Um amuleto de prata datado do século X, descoberto na Suécia, ilustra uma figura feminina com ventre saliente e um possível capacete, sendo considerado a única representação convincente de gravidez na era viking. Esta descoberta desafia a noção de que a gravidez era um tema exclusivamente privado ou invisível nas sociedades vikings, que atribuíam à gestação um conjunto complexo de significados.
Um estudo recente, publicado no Cambridge Archaeological Journal, analisou textos medievais, descobertas arqueológicas e registros funerários, oferecendo uma visão aprofundada sobre como a gravidez era percebida entre os séculos VIII e XI. As análises revelam que a gravidez não era vista como uma condição neutra ou meramente biológica; ao contrário, ela estava entrelaçada com relações de poder, linhagens e dinâmicas de violência.
Nos textos nórdicos, mulheres grávidas são frequentemente descritas em termos que combinam observações físicas com julgamentos simbólicos. A utilização de termos como “inchada”, “pesada” e “doente” sugere uma percepção de desconforto e vulnerabilidade associada à gestação. Ao mesmo tempo, expressões como “mulher que não caminha sozinha” indicam que o feto poderia ser considerado uma entidade autônoma, com um status próprio. Algumas narrativas também incorporaram o bebê ainda no ventre em tramas de vingança e alianças familiares, reforçando a ideia de que o corpo grávido tinha importância política.
A ligação entre gravidez e poder é evidenciada em registros visuais, com um artefato raro em destaque. A estatueta em prata encontrada na Suécia, mostrando uma figura com o ventre saliente e um possível capacete, é única por sua representação de uma mulher grávida no contexto viking. Este objeto foi descoberto em uma tumba feminina cercada por itens com conotações de magia e autoridade simbólica, como um bastão de ferro e outros pingentes rituais. A presença do capacete nesse contexto sugere que o corpo gestante poderia não apenas ser associado à força e resistência, mas também à autonomia. Isso desafia a ideia de que gravidez está intrinsicamente ligada à passividade.
Apesar das evidências literárias e visuais, a presença de corpos gestantes nos registros funerários é quase inexistente. Entre os milhares de túmulos escavados na Escandinávia e em áreas influenciadas pela cultura viking, apenas 14 casos de restos mortais de mulheres e fetos foram identificados. Em alguns casos, recém-nascidos foram enterrados ao lado de adultos, indicando que as ligações entre pais e filhos não eram sempre determinadas por critérios biológicos.
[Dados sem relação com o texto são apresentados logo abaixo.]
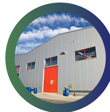
Empty property relief for businesses (including land)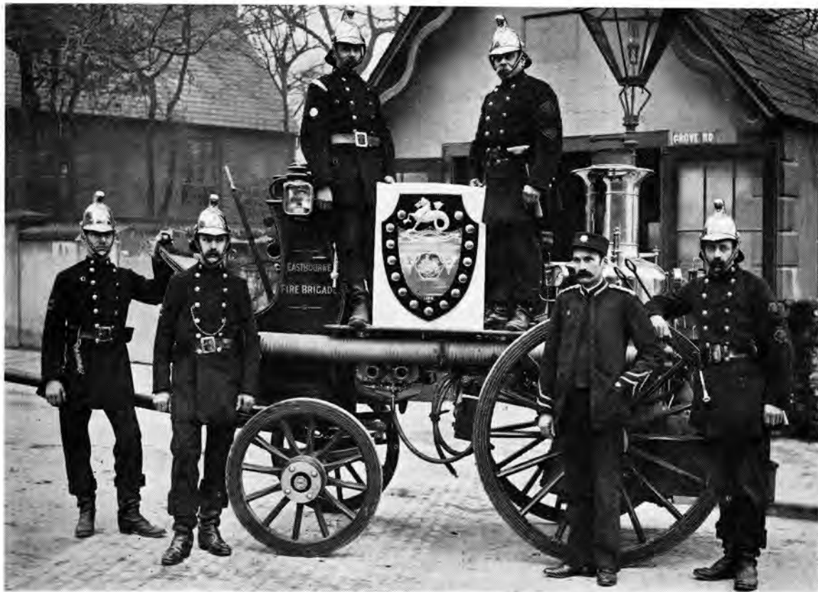
1899. Members of the Brigade with a "Shand Mason" Steamer

A raridade de sepultamentos conjuntos de mães e filhos levou os pesquisadores a considerar que a ausência de corpos gestantes nos registros arqueológicos pode ser intencional, resultado de práticas funerárias distintas ou uma lógica de invisibilização. O estudo sugere que essa escassez reflete uma "política de apagamento" do corpo gestante, que, mesmo sendo fundamental para a reprodução social, foi marginalizado tanto nos registros simbólicos quanto materiais, assim como na historiografia relacionada.